══ Supplied records
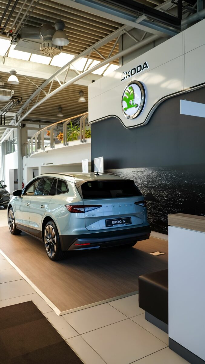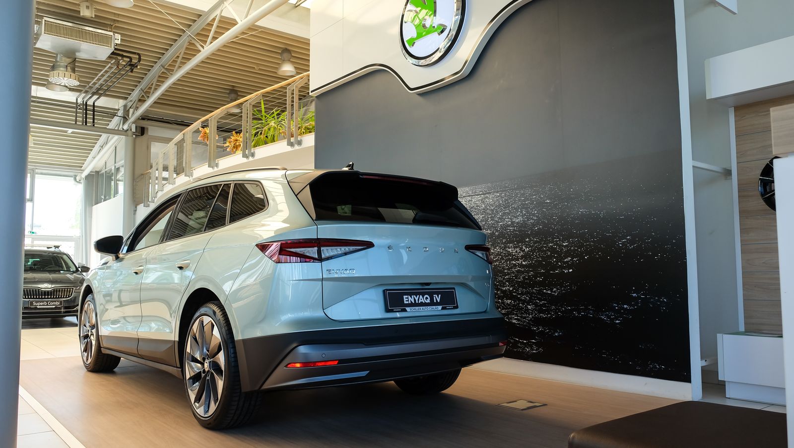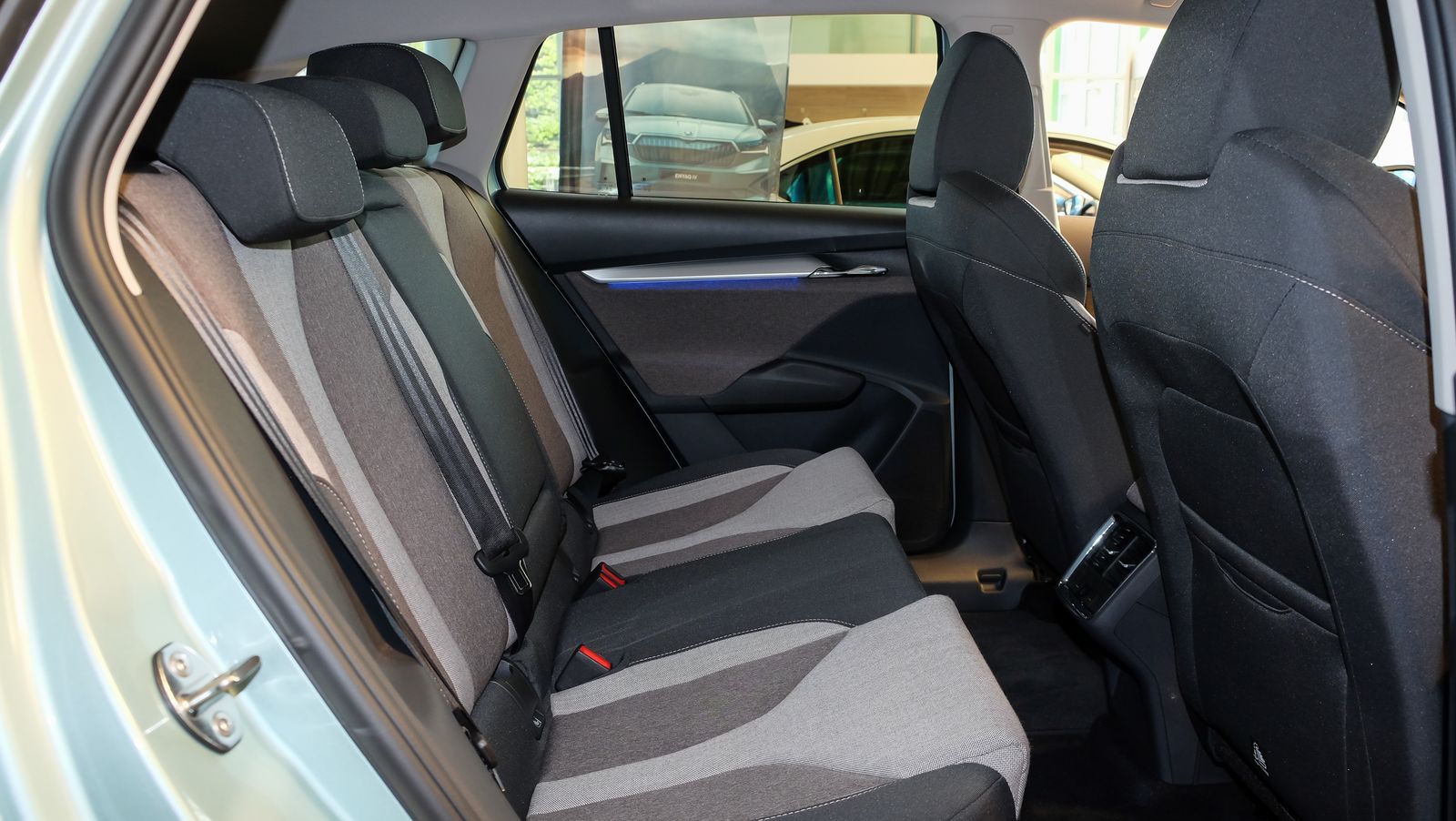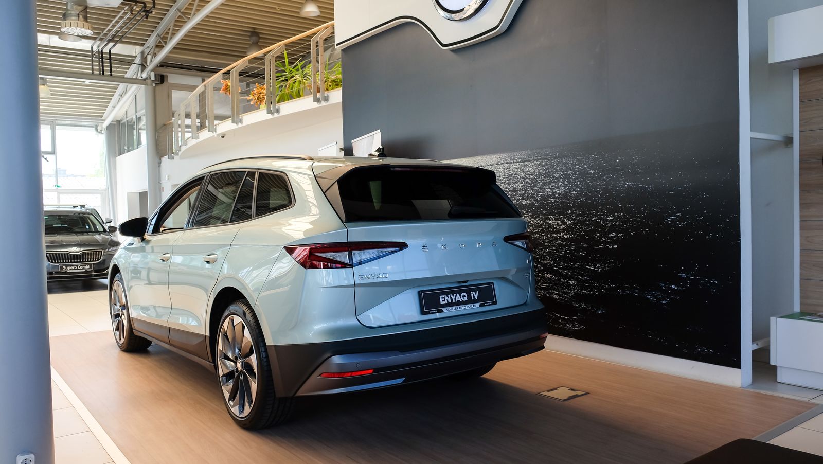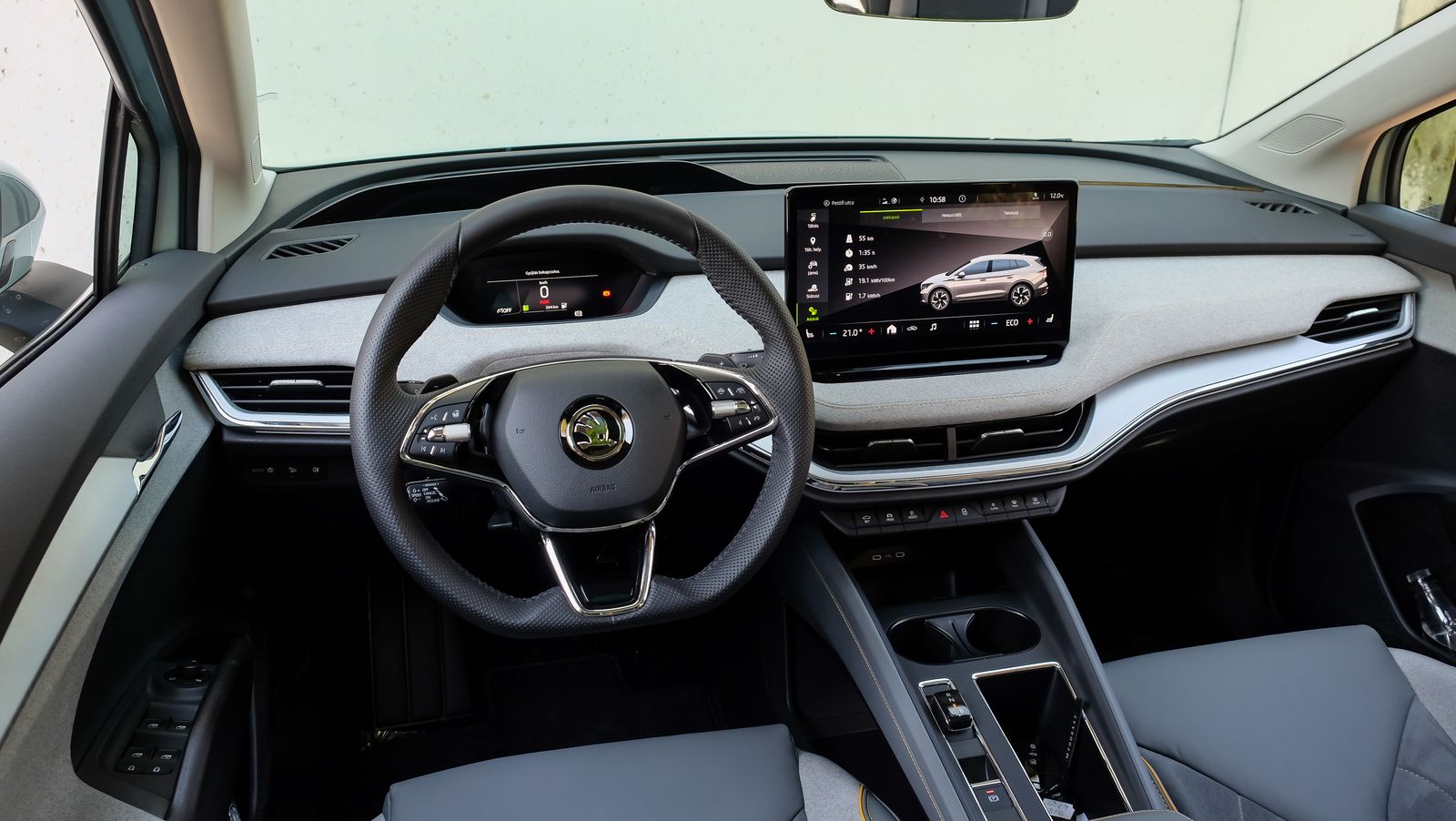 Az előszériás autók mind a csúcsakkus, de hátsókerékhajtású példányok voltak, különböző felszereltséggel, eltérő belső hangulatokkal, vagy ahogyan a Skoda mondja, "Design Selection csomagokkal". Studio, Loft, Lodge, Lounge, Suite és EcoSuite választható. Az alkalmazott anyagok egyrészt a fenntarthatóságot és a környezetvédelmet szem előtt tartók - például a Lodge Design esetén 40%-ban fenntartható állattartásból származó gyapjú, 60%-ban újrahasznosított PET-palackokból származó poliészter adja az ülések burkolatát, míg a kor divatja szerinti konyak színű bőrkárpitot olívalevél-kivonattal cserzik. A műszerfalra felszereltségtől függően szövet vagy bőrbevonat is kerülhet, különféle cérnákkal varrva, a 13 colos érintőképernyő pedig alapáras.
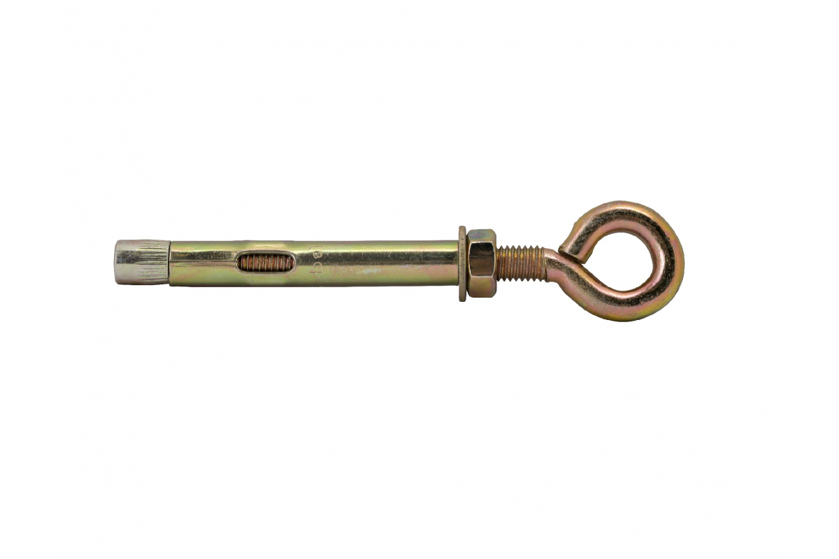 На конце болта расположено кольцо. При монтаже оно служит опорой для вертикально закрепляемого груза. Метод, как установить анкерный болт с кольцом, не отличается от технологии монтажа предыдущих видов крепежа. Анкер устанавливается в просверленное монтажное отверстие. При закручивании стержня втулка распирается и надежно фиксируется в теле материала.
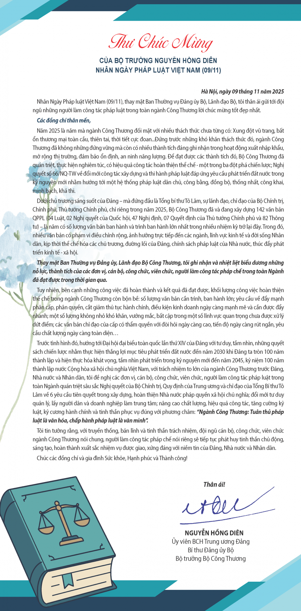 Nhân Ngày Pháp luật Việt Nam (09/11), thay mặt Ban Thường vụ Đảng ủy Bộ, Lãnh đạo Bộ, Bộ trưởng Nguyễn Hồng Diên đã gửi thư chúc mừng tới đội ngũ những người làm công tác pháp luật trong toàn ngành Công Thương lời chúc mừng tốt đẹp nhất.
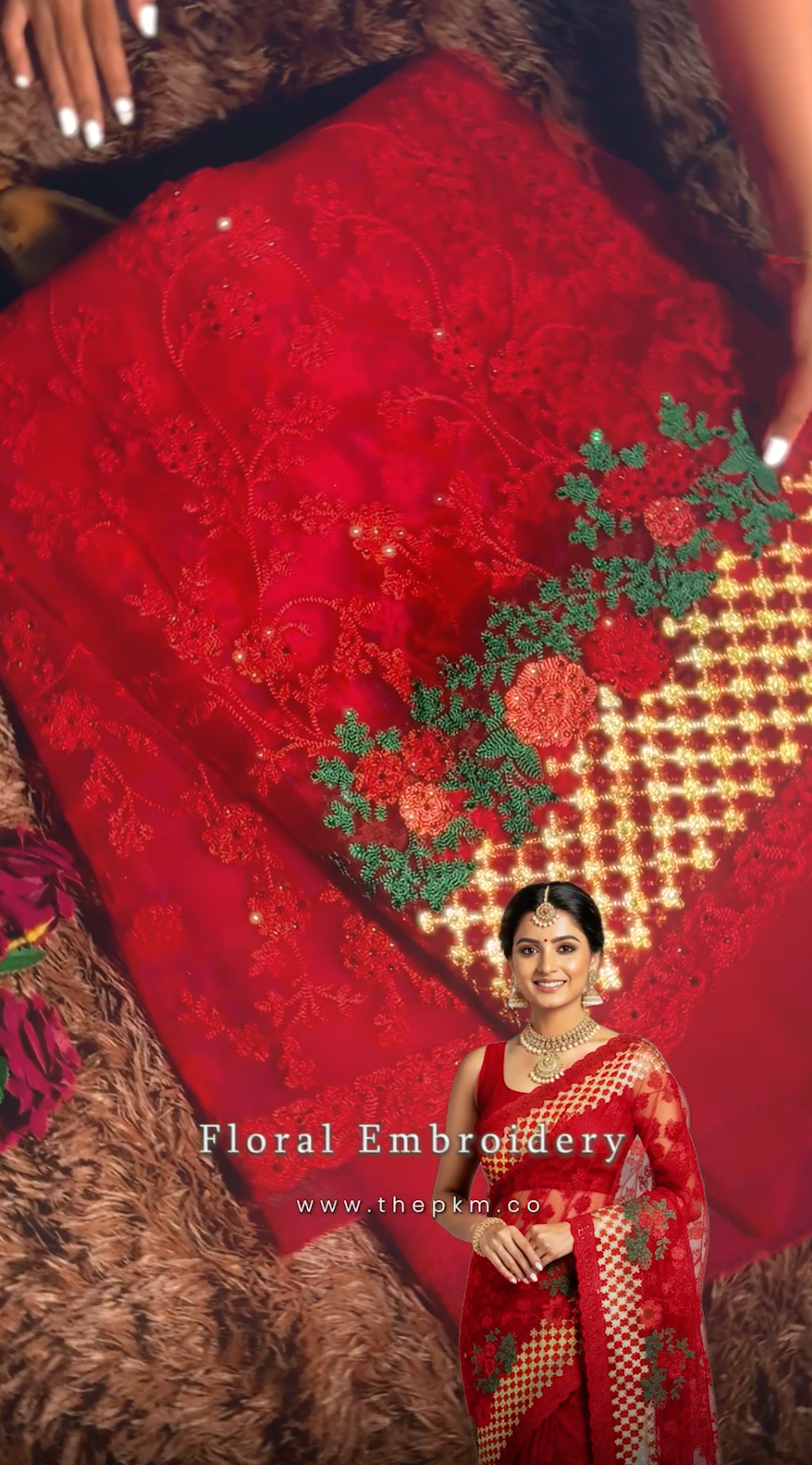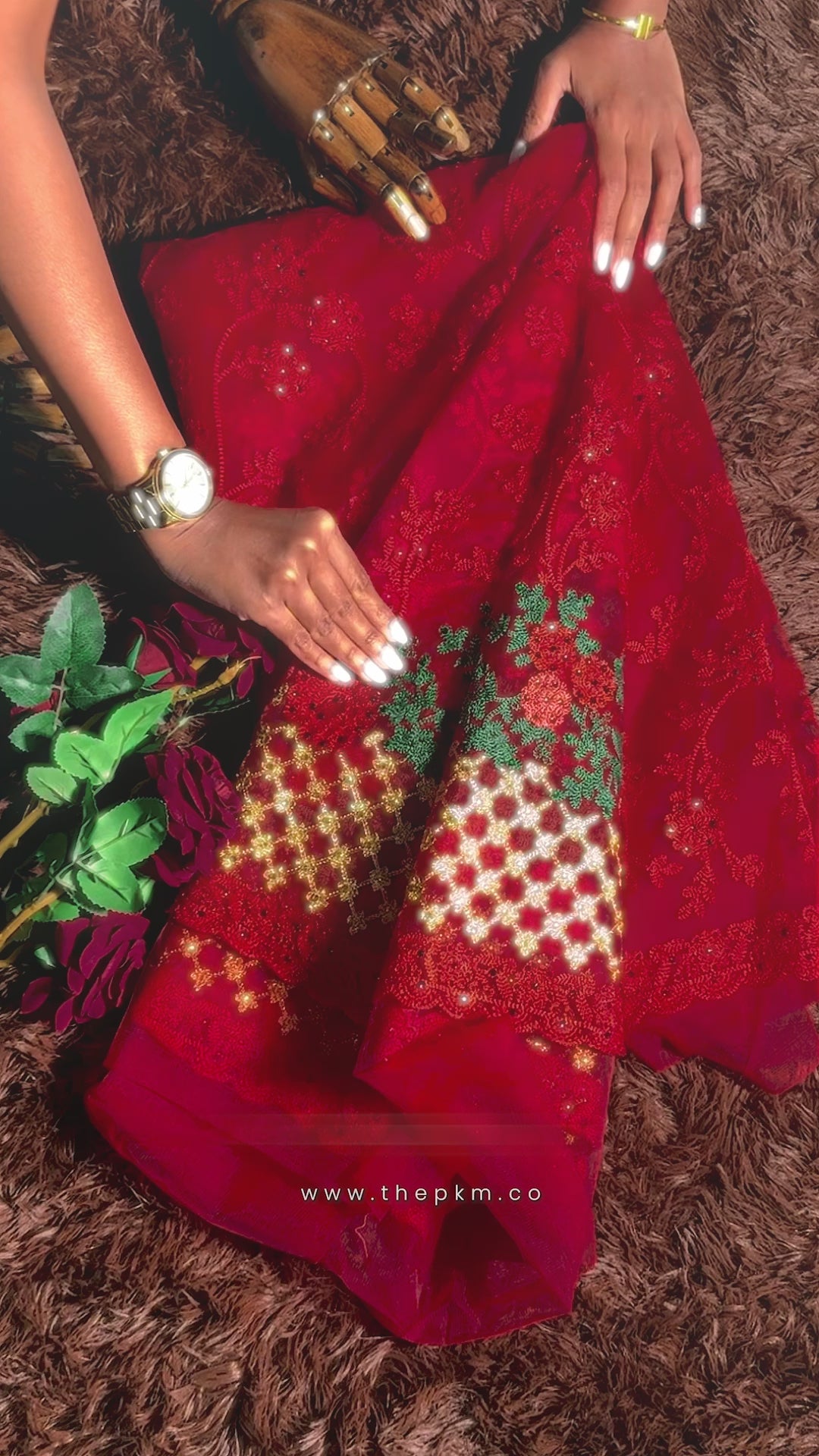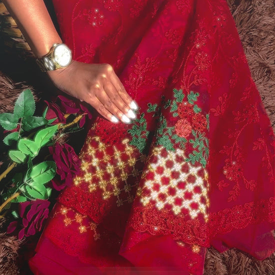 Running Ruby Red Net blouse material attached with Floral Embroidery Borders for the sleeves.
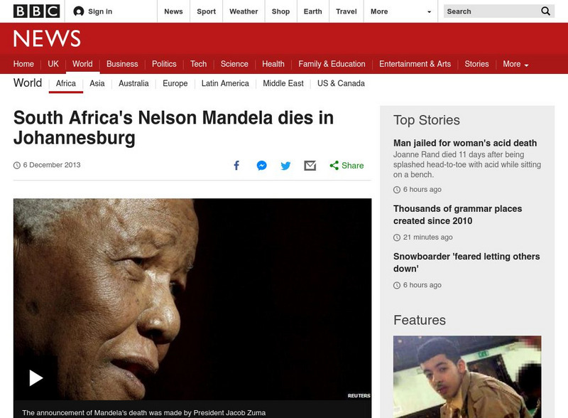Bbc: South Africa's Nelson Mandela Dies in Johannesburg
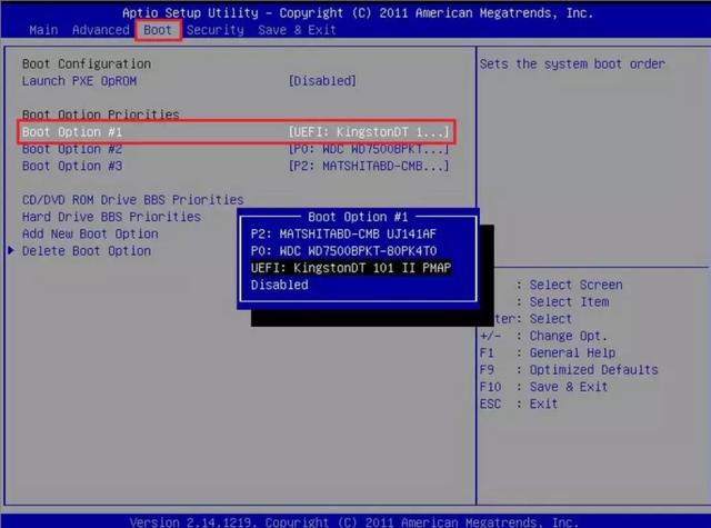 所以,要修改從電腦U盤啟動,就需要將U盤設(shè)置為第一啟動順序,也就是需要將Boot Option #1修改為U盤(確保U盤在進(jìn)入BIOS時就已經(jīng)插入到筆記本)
════
[Task to complete]: Leaving out the pictures, please output the lines in the entries above from the one with "Nhân Ngày Pháp" through the one with "Bbc: South Africa's", exactly as they are.

[Exercise response]:
 Nhân Ngày Pháp luật Việt Nam (09/11), thay mặt Ban Thường vụ Đảng ủy Bộ, Lãnh đạo Bộ, Bộ trưởng Nguyễn Hồng Diên đã gửi thư chúc mừng tới đội ngũ những người làm công tác pháp luật trong toàn ngành Công Thương lời chúc mừng tốt đẹp nhất.
 Running Ruby Red Net blouse material attached with Floral Embroidery Borders for the sleeves.
Bbc: South Africa's Nelson Mandela Dies in Johannesburg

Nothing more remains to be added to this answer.